## Given data:
------------------------------------------------

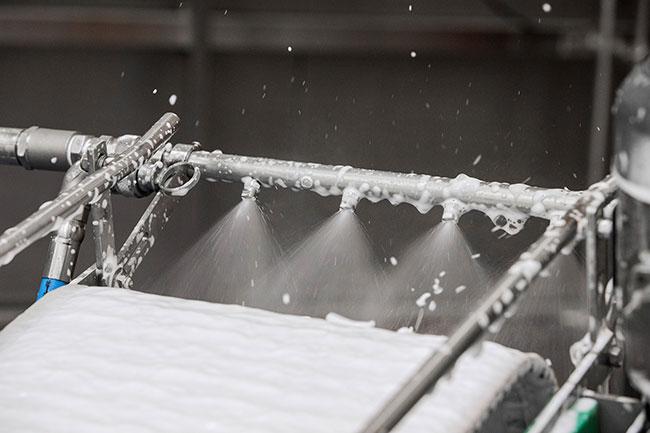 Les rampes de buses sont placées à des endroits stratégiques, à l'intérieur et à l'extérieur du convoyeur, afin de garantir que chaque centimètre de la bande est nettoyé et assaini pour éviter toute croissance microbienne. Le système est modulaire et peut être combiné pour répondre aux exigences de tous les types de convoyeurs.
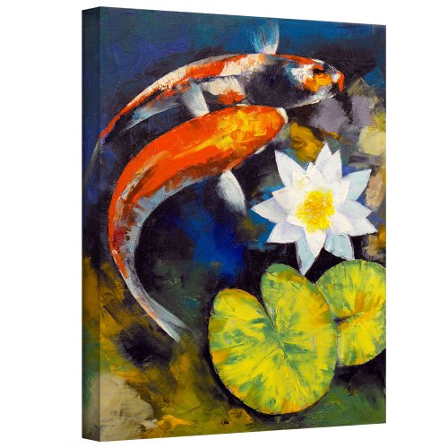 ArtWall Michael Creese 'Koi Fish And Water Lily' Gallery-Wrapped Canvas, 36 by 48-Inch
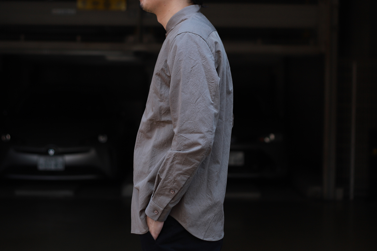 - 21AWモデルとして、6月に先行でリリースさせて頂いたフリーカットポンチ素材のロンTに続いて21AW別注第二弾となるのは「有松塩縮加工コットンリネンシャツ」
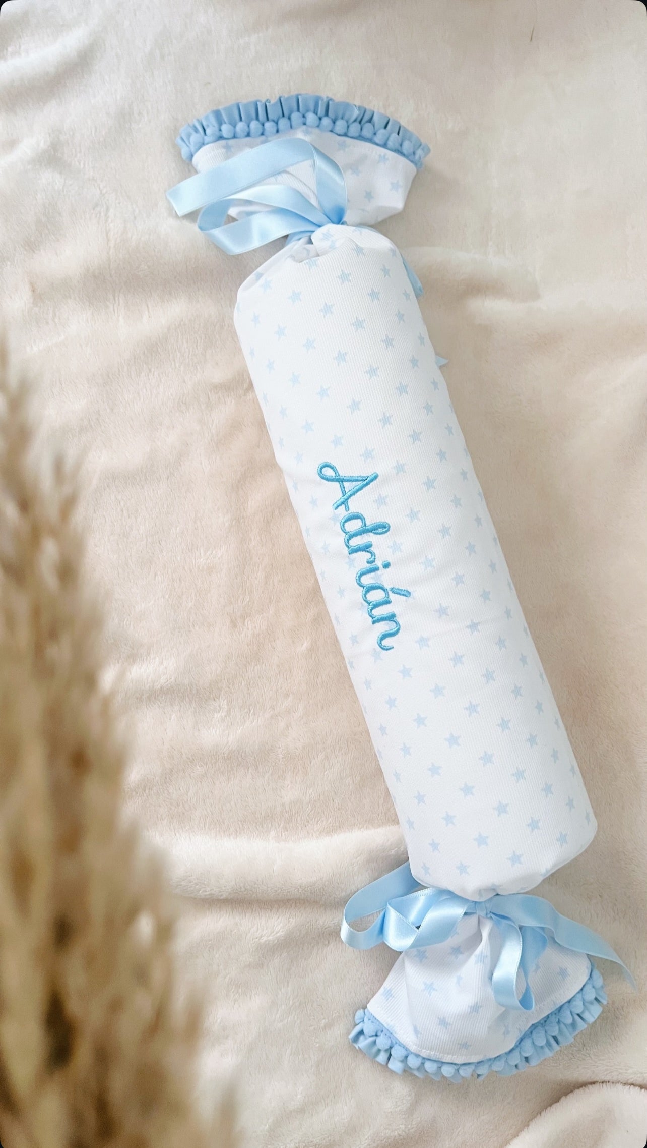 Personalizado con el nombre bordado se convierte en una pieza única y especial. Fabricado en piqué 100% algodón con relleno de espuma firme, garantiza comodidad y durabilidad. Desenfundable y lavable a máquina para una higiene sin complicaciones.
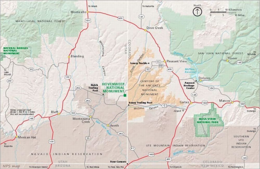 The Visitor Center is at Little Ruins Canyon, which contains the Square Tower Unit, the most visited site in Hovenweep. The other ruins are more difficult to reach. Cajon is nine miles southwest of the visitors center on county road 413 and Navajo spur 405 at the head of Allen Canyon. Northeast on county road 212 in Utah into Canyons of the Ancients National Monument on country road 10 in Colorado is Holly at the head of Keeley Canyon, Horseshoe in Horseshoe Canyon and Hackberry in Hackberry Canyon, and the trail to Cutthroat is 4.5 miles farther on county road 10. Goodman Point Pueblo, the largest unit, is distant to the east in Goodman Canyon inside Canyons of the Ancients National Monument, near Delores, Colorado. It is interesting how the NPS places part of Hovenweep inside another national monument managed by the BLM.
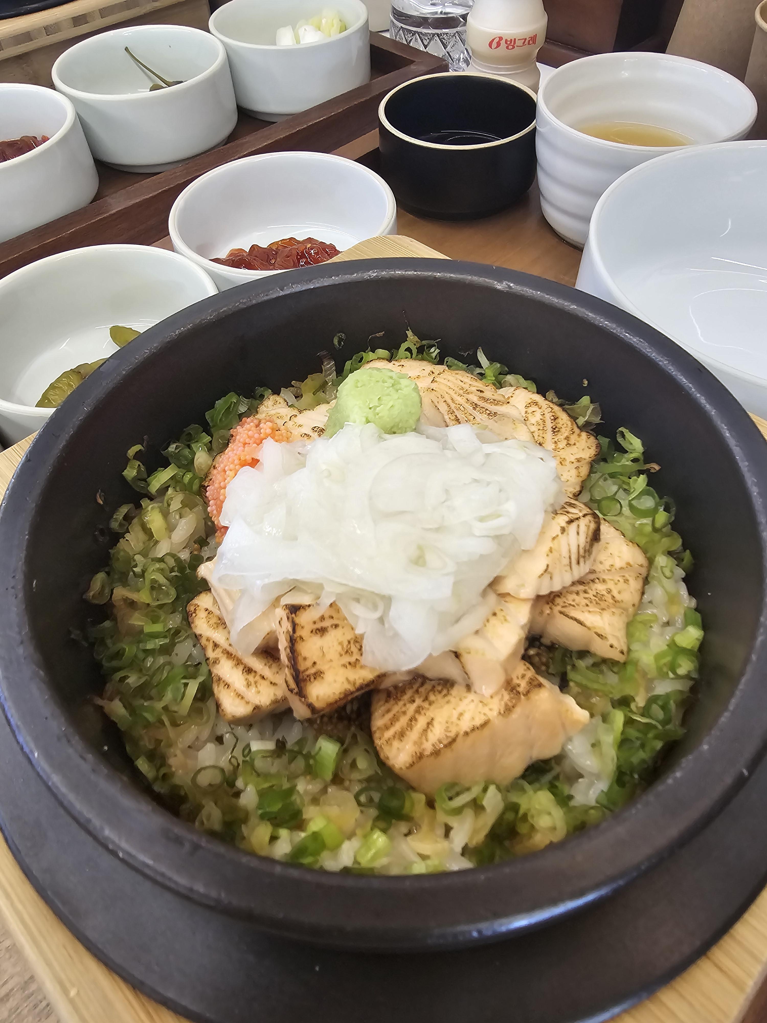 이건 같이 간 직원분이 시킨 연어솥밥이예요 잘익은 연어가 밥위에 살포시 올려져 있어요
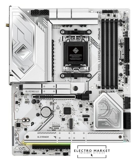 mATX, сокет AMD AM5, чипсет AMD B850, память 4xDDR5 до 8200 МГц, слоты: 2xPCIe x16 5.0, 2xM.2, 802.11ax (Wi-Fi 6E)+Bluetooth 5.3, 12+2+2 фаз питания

------------------------------------------------

## What is being asked:
Above are some records. Reproduce the lines from the one with "- 21AWモデルとして、6" down to the one with "Personalizado con el", keeping both, and leave every picture out.

## Exercise answer:
 - 21AWモデルとして、6月に先行でリリースさせて頂いたフリーカットポンチ素材のロンTに続いて21AW別注第二弾となるのは「有松塩縮加工コットンリネンシャツ」
 Personalizado con el nombre bordado se convierte en una pieza única y especial. Fabricado en piqué 100% algodón con relleno de espuma firme, garantiza comodidad y durabilidad. Desenfundable y lavable a máquina para una higiene sin complicaciones.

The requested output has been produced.